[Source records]
——
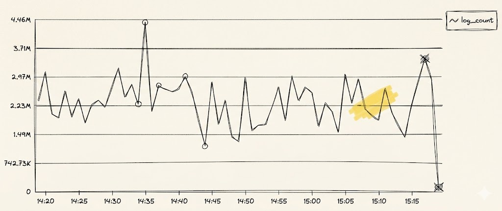 우리 서비스는 HR 서비스이기 때문에 대부분의 트래픽은 9시부터 18시 사이에 발생한다. 시간당 대략 34GB(2.7억건)의 로그가 발생하며 그 중에 44% 정도가 jdbc.resultset=INFO 에서 발생함을 확인했다. 여기서 몇 가지 의문이 들었다.
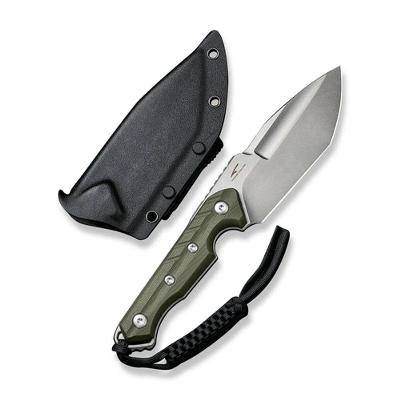 Civivi Maxwell Fixed Blade (C21040-2) 4.74″ Stonewashed D2 Spear Point Plain Blade, Olive Drab Green Handle
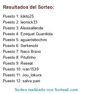Lista de participantes: kikito25, Neco Bravo, Jou_lokura, Ezequel Guardiola, Alexisallende, ivan1539, aguantebochini, Serkenobi, Pitufinho, Reseat, salva pani, leorock33.
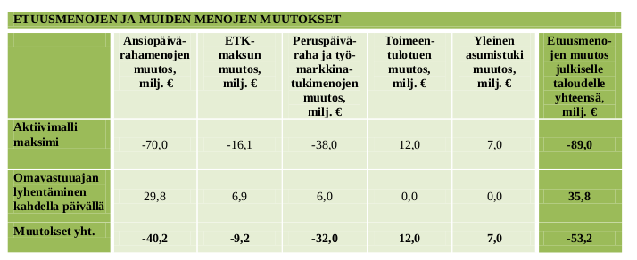 Mikäli kukaan työtön ei onnistu välttämään rangaistusta (eli työryhmän uuskielellä kukaan ei aktivoidu), alenevat julkiset menot arvion mukaan 53 miljoonaa. Käytännössä raportti suoraan myöntää, että ”aktiivimalli” on työttömyysturvan leikkaus. Hallitus laskee sen varaan, etteivät kaikki työttömät kuitenkaan löydä töitä. Kuinkapa voisivatkaan? Lisäksi raportti myös suoraan arvioi, että työttömyysturvan leikkaaminen johtaa toimeentulotukimenojen kasvuun.
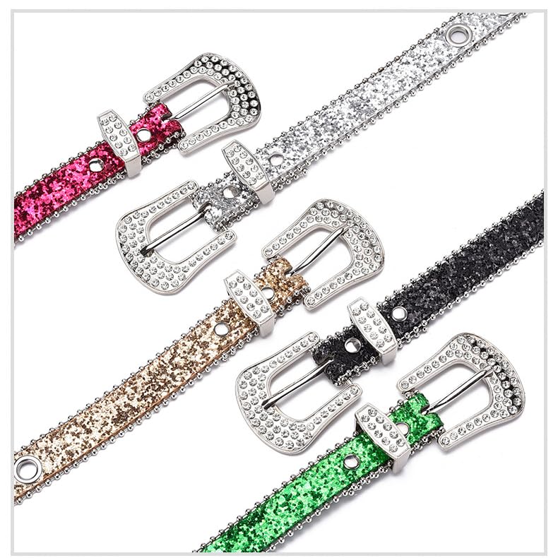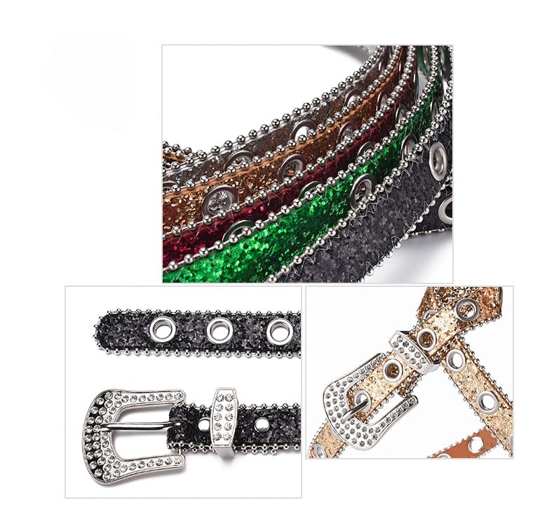 Rhinestone Western PU Sparkly Belt for Men Women Vintage Bling Waist Belts for Pants Jeans 7
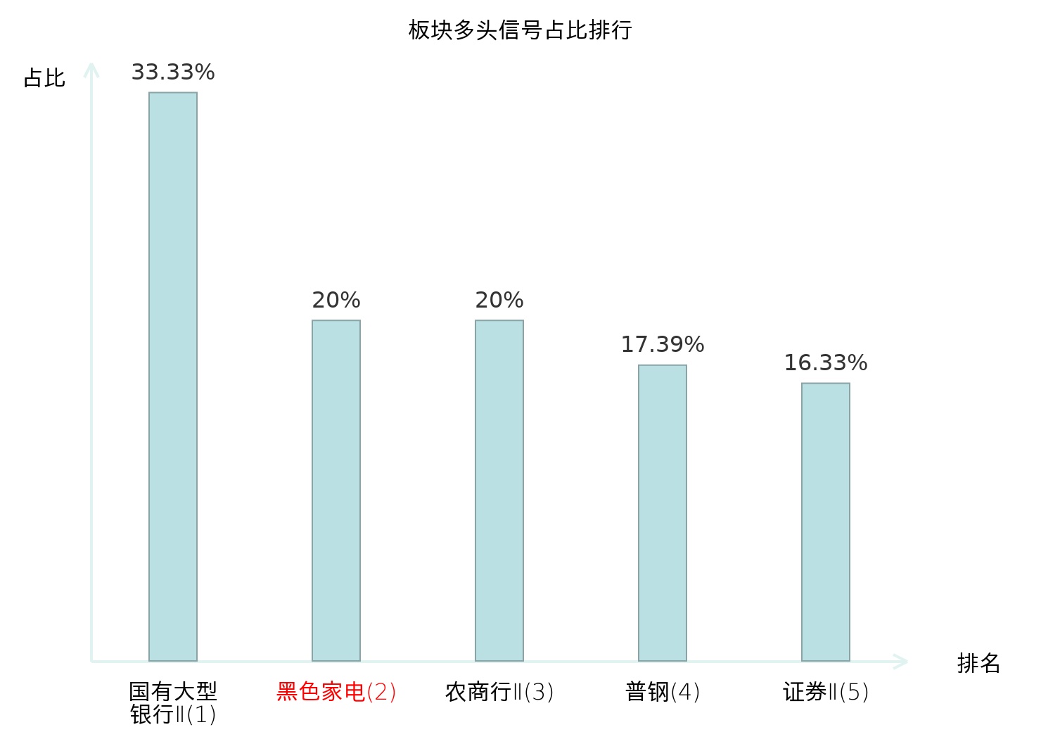 全市场所有行业板块中主力多头信号占比排名中,国有大型银行Ⅱ板块位居第一。国有大型银行Ⅱ板块名次提升最快,较昨日上升123位。
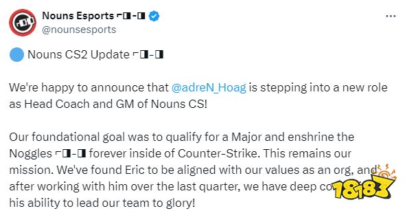 北美俱乐部Nouns今日官宣Eric Hoag | adreN将担任战队总经理与主教练职务。原主教练SEMPHIS职责发生转变,他现在将担任战队绩效教练,负责团队内容创作方面的工作。
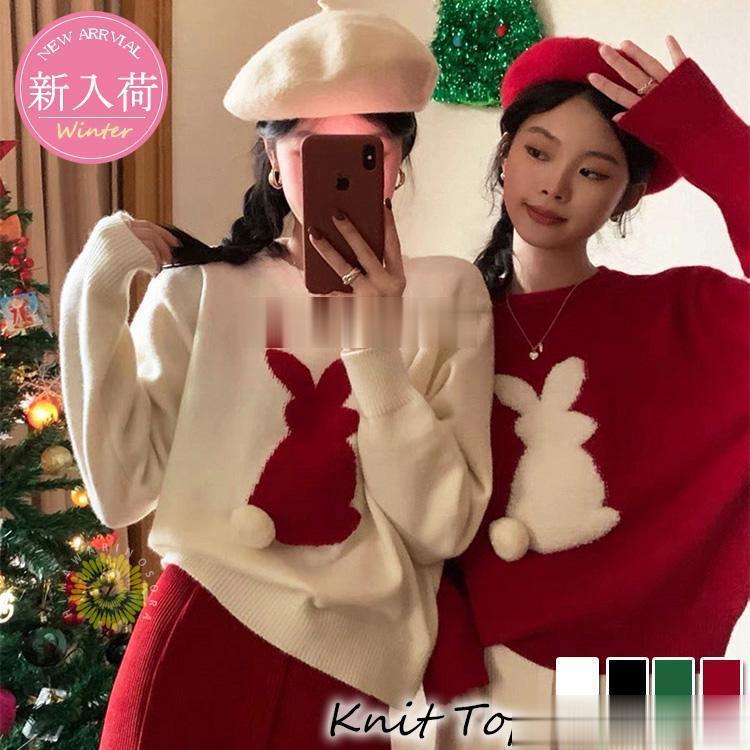 人気なリブニット ニットトップス レディース 秋冬 40代 長袖セーター うさぎ刺繍 ショット丈セーター ゆったりプルオーバー オシャレ韓国風 大人ニットインナー 厚手 兎 30代
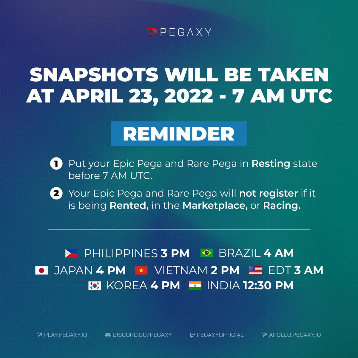 Quick reminder to have at least ONE Rare or Epic Pega in resting state by the time of the snapshot in order to be eligible!pic.twitter.com/78wlzvxdLa
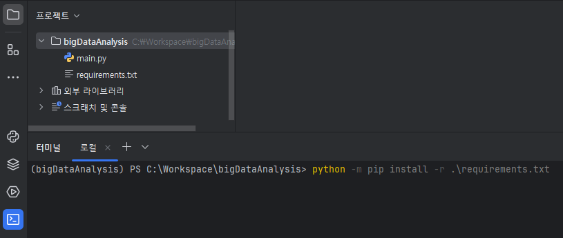 requirements.txt 파일을 프로젝트 경로에 복사하여 옮긴 뒤, 파이참에서 좌측 하단 파란색 터미널 아이콘을 클릭하고
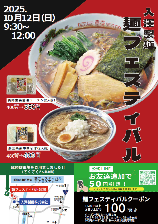 第6回麺フェスティバルのご案内 2025.10.10 お知らせ2025年10月12日 (日) 9:30~12:00弊社敷地内の特設会場にて、麺フェスティバル(工場直売会)を行います。 たくさんのご来場をお待ちしております。(お支払いは現金のみです。)
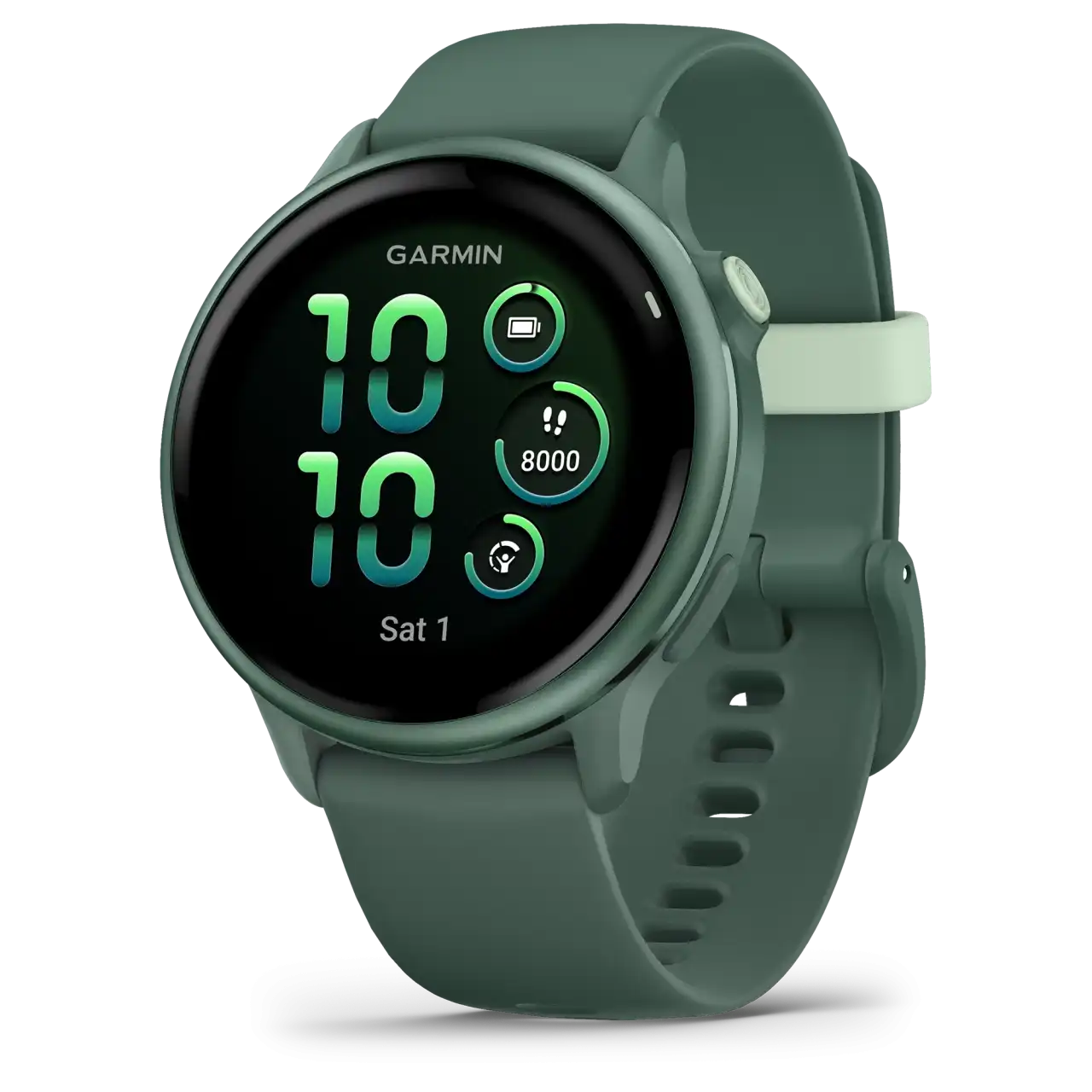 Garmin vívoactive® 6 Metallic Jasper Green: Metál Jáspisz Zöld óraházzal és Jáspisz Zöld szíjjal, a bujtató világos zöld
——
#### What you are asked to do
Set down the records above exactly as written, beginning with the first line and ending with the line that contains "requirements.txt 파일을 프로젝트", and do not include pictures.

#### Exercise result
 우리 서비스는 HR 서비스이기 때문에 대부분의 트래픽은 9시부터 18시 사이에 발생한다. 시간당 대략 34GB(2.7억건)의 로그가 발생하며 그 중에 44% 정도가 jdbc.resultset=INFO 에서 발생함을 확인했다. 여기서 몇 가지 의문이 들었다.
 Civivi Maxwell Fixed Blade (C21040-2) 4.74″ Stonewashed D2 Spear Point Plain Blade, Olive Drab Green Handle
Lista de participantes: kikito25, Neco Bravo, Jou_lokura, Ezequel Guardiola, Alexisallende, ivan1539, aguantebochini, Serkenobi, Pitufinho, Reseat, salva pani, leorock33.
 Mikäli kukaan työtön ei onnistu välttämään rangaistusta (eli työryhmän uuskielellä kukaan ei aktivoidu), alenevat julkiset menot arvion mukaan 53 miljoonaa. Käytännössä raportti suoraan myöntää, että ”aktiivimalli” on työttömyysturvan leikkaus. Hallitus laskee sen varaan, etteivät kaikki työttömät kuitenkaan löydä töitä. Kuinkapa voisivatkaan? Lisäksi raportti myös suoraan arvioi, että työttömyysturvan leikkaaminen johtaa toimeentulotukimenojen kasvuun.
 Rhinestone Western PU Sparkly Belt for Men Women Vintage Bling Waist Belts for Pants Jeans 7
 全市场所有行业板块中主力多头信号占比排名中,国有大型银行Ⅱ板块位居第一。国有大型银行Ⅱ板块名次提升最快,较昨日上升123位。
 北美俱乐部Nouns今日官宣Eric Hoag | adreN将担任战队总经理与主教练职务。原主教练SEMPHIS职责发生转变,他现在将担任战队绩效教练,负责团队内容创作方面的工作。
 人気なリブニット ニットトップス レディース 秋冬 40代 長袖セーター うさぎ刺繍 ショット丈セーター ゆったりプルオーバー オシャレ韓国風 大人ニットインナー 厚手 兎 30代
 Quick reminder to have at least ONE Rare or Epic Pega in resting state by the time of the snapshot in order to be eligible!pic.twitter.com/78wlzvxdLa
 requirements.txt 파일을 프로젝트 경로에 복사하여 옮긴 뒤, 파이참에서 좌측 하단 파란색 터미널 아이콘을 클릭하고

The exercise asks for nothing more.